On Wed, Sep 5, 2012 at 7:38 AM, Tom Lane <tgl@sss.pgh.pa.us> wrote:

Having said that, a kill -9 on an individual backend (*not* the
postmaster) should be safe enough, if you don't mind the fact that
it'll kill all your other sessions too.

Got it, thanks.

Why will it kill all your other sessions too? Isn't there a separate backend
process for each session?

Best,
-at

#9Kevin Grittner
Kevin.Grittner@wicourts.gov
In reply to: Aleksey Tsalolikhin (#8)
Re: postgres process got stuck in "notify interrupt waiting" status

Aleksey Tsalolikhin <atsaloli.tech@gmail.com> wrote:

Why will it kill all your other sessions too? Isn't there a
separate backend process for each session?

When stopped that abruptly, the process has no chance to clean up
its pending state in shared memory. A fresh copy of shared memory
is needed, so it is necessary to effectively do an immediate restart
on the whole PostgreSQL instance.

-Kevin

#10Tom Lane
tgl@sss.pgh.pa.us
In reply to: Kevin Grittner (#9)
Re: postgres process got stuck in "notify interrupt waiting" status

"Kevin Grittner" <Kevin.Grittner@wicourts.gov> writes:

Aleksey Tsalolikhin <atsaloli.tech@gmail.com> wrote:

Why will it kill all your other sessions too? Isn't there a
separate backend process for each session?

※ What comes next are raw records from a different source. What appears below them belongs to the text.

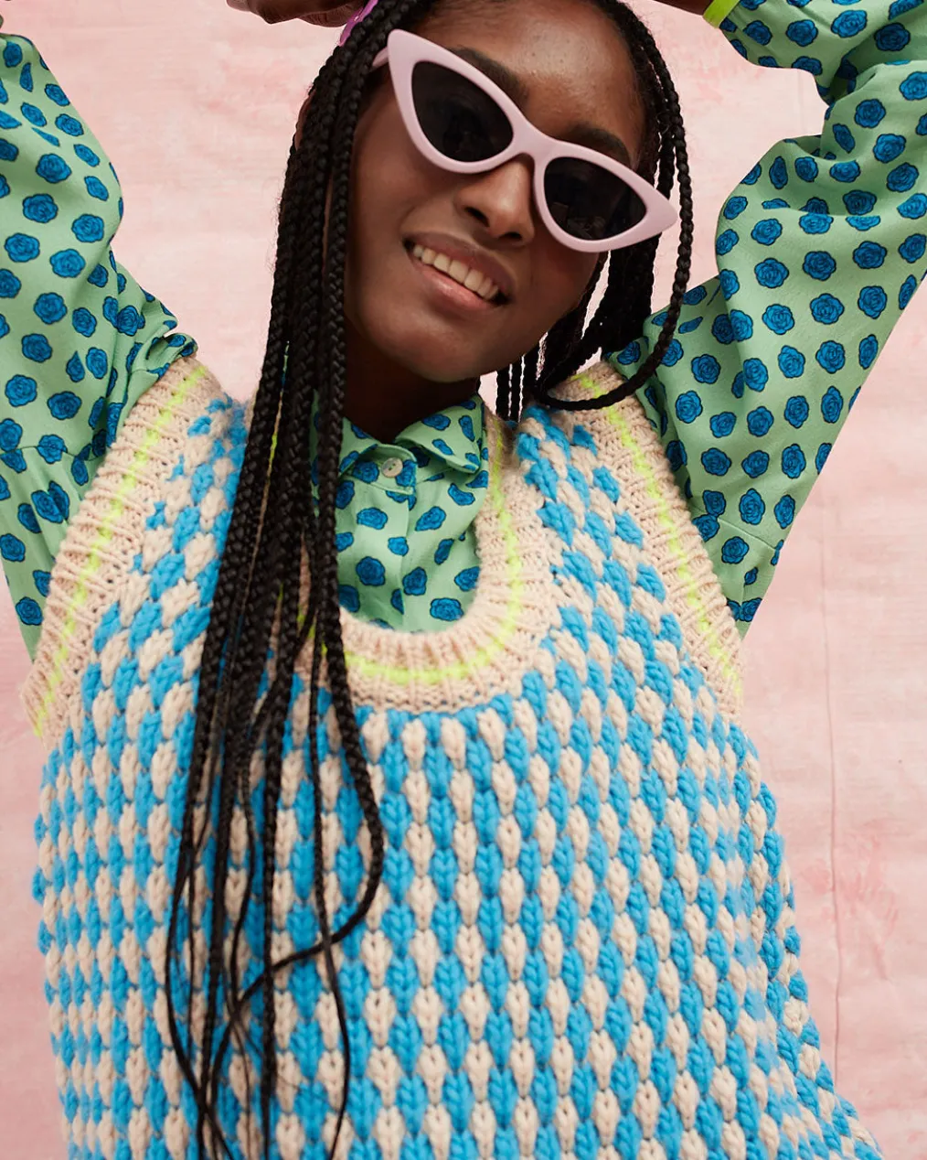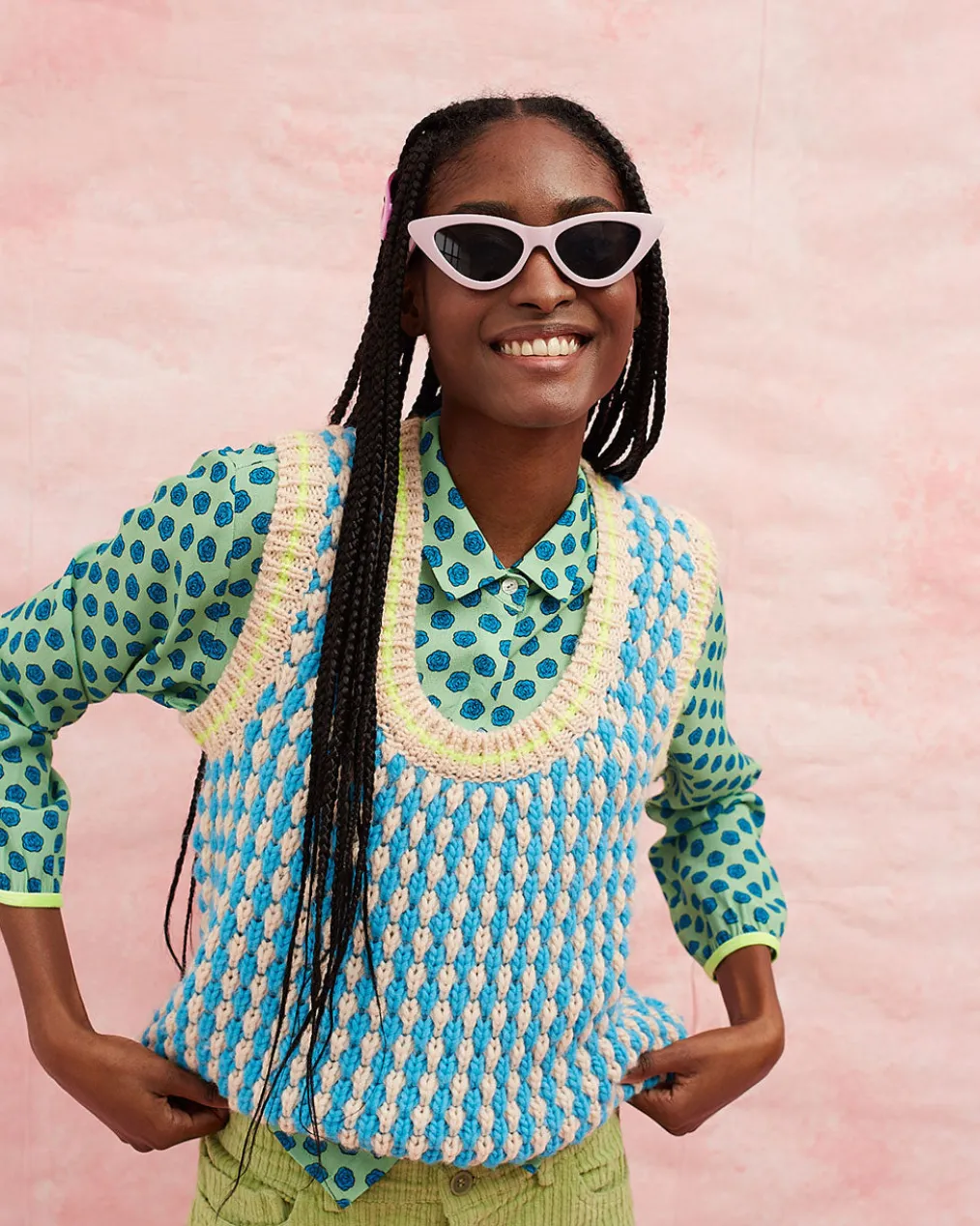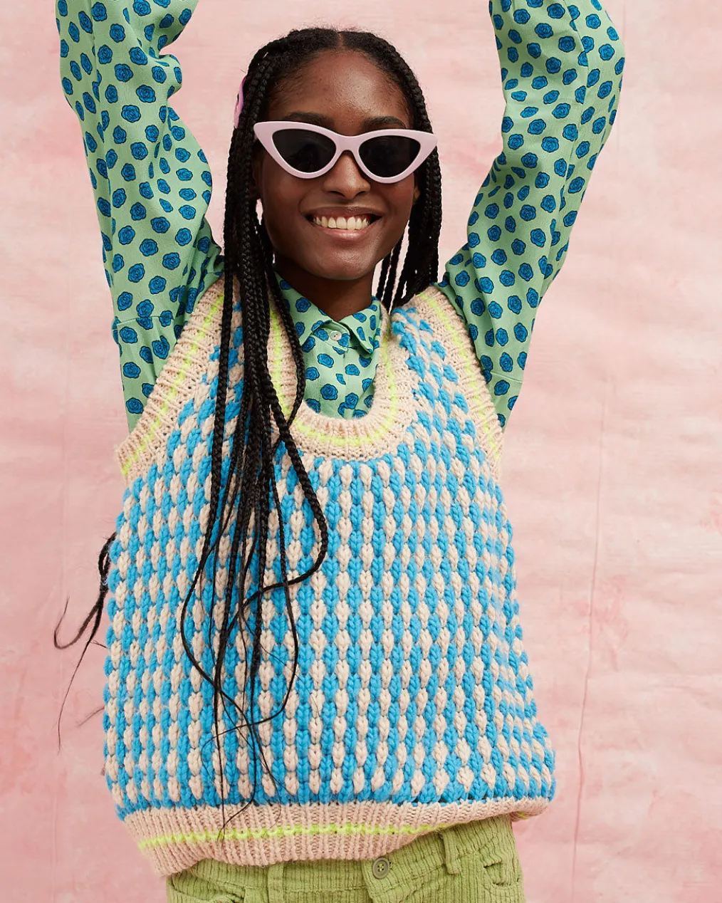 Handmade look vest in chunky knit. Bicolor fantasy stitch. Detail of fine contrasting color stripe on collar, armhole and hem.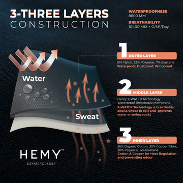 Hemy Waterproof Socks feature a cutting-edge waterproof and breathable membrane as the middle layer. This blocks water from entering while allowing moisture from sweat to escape, keeping your feet dry and comfortable in all conditions.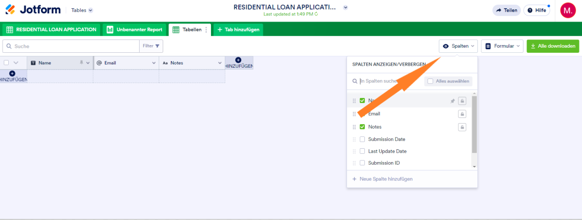 - Wie man Spalten in Jotform Tabellen fixiert und wieder loslöst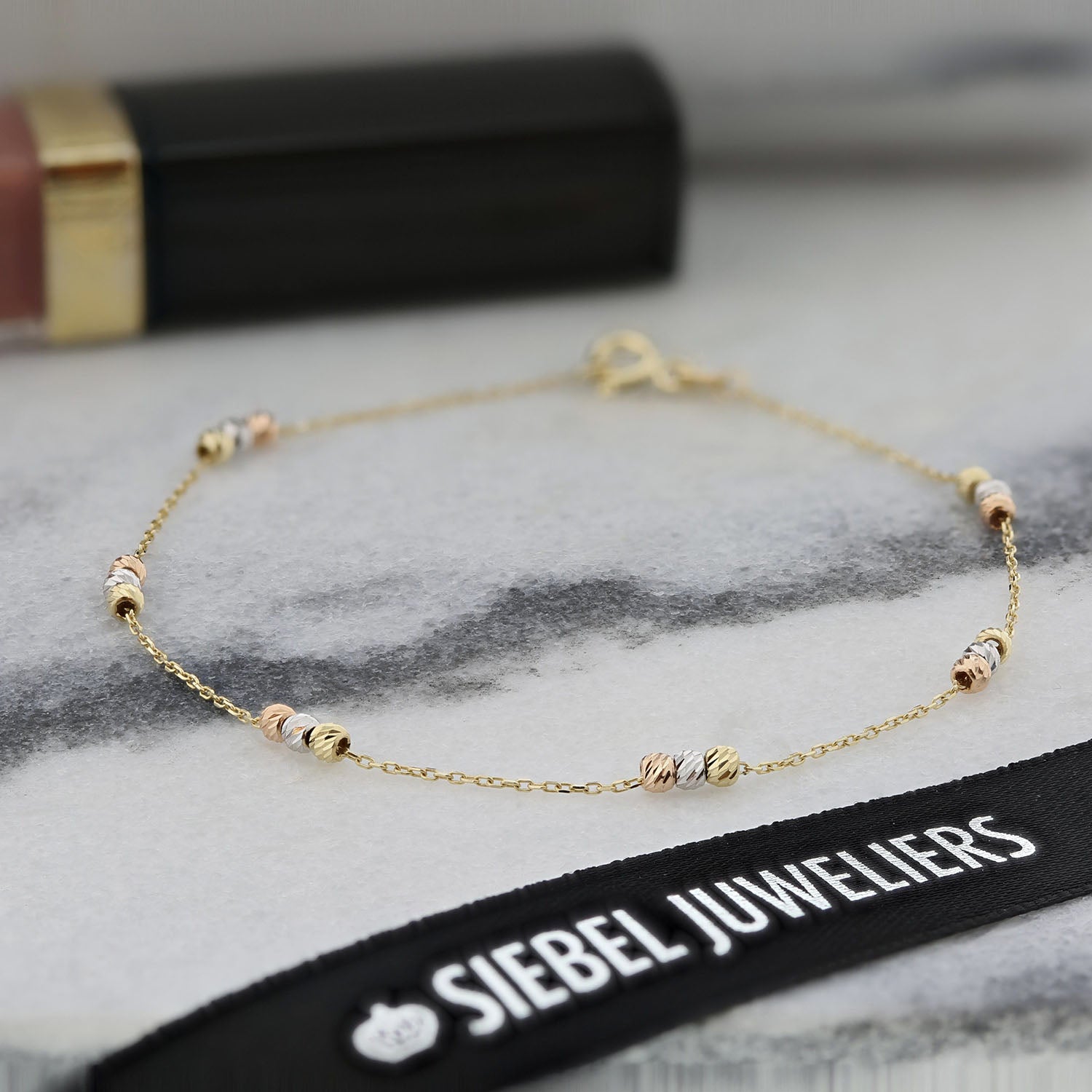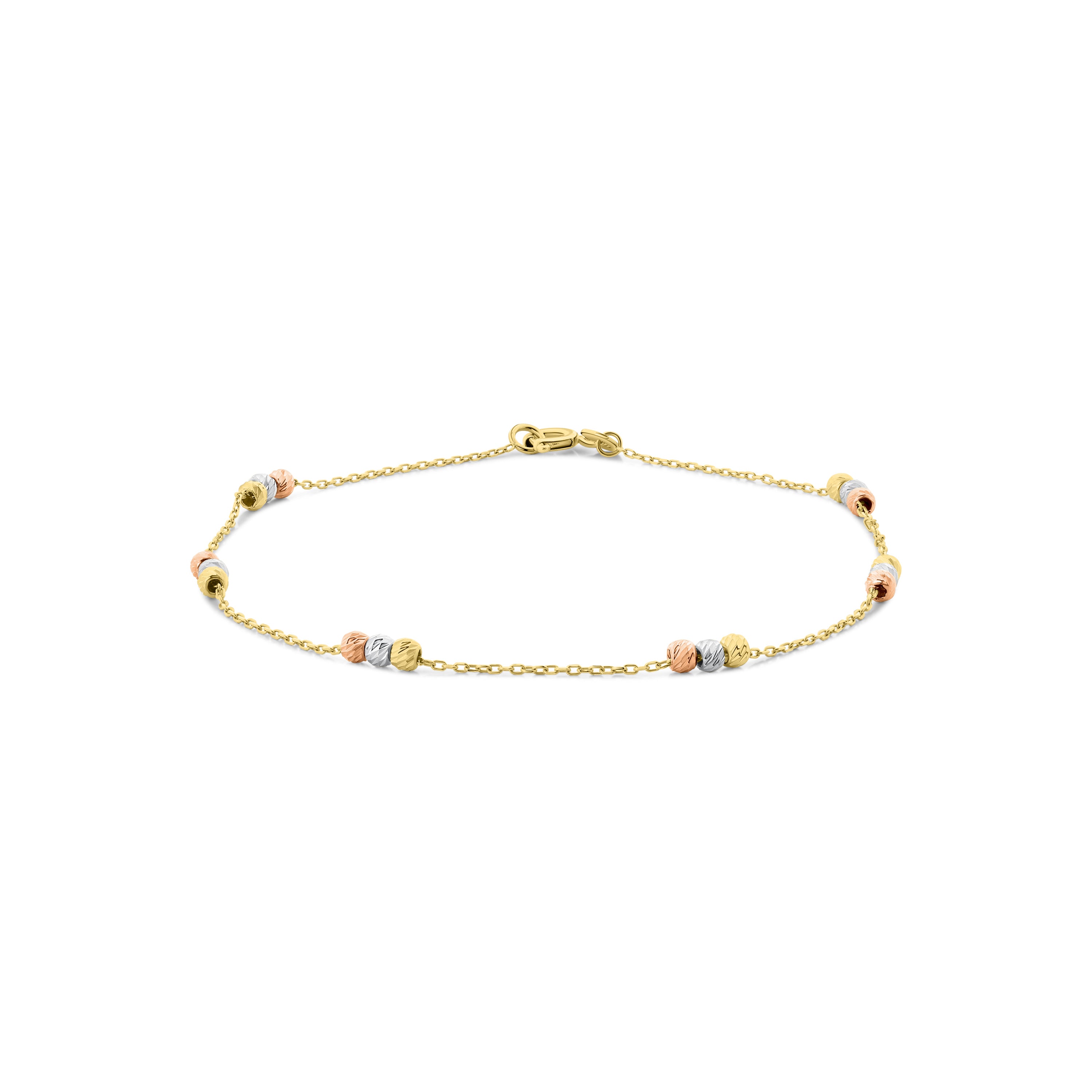 Bratara din aur galben cu margele tricolore din colectia Gold by Siebel. Fabricata din aur galben de 14 karate, bratara este decorata cu 18 margele taiate cu diamante din aur galben, alb si roz, fiecare cu finisaj diamant. Bratara are 19 cm lungime.

When stopped that abruptly, the process has no chance to clean up
its pending state in shared memory. A fresh copy of shared memory
is needed, so it is necessary to effectively do an immediate restart
on the whole PostgreSQL instance.

Right. On seeing one child die unexpectedly, the postmaster forcibly
SIGQUITs all its other children and initiates a crash recovery sequence.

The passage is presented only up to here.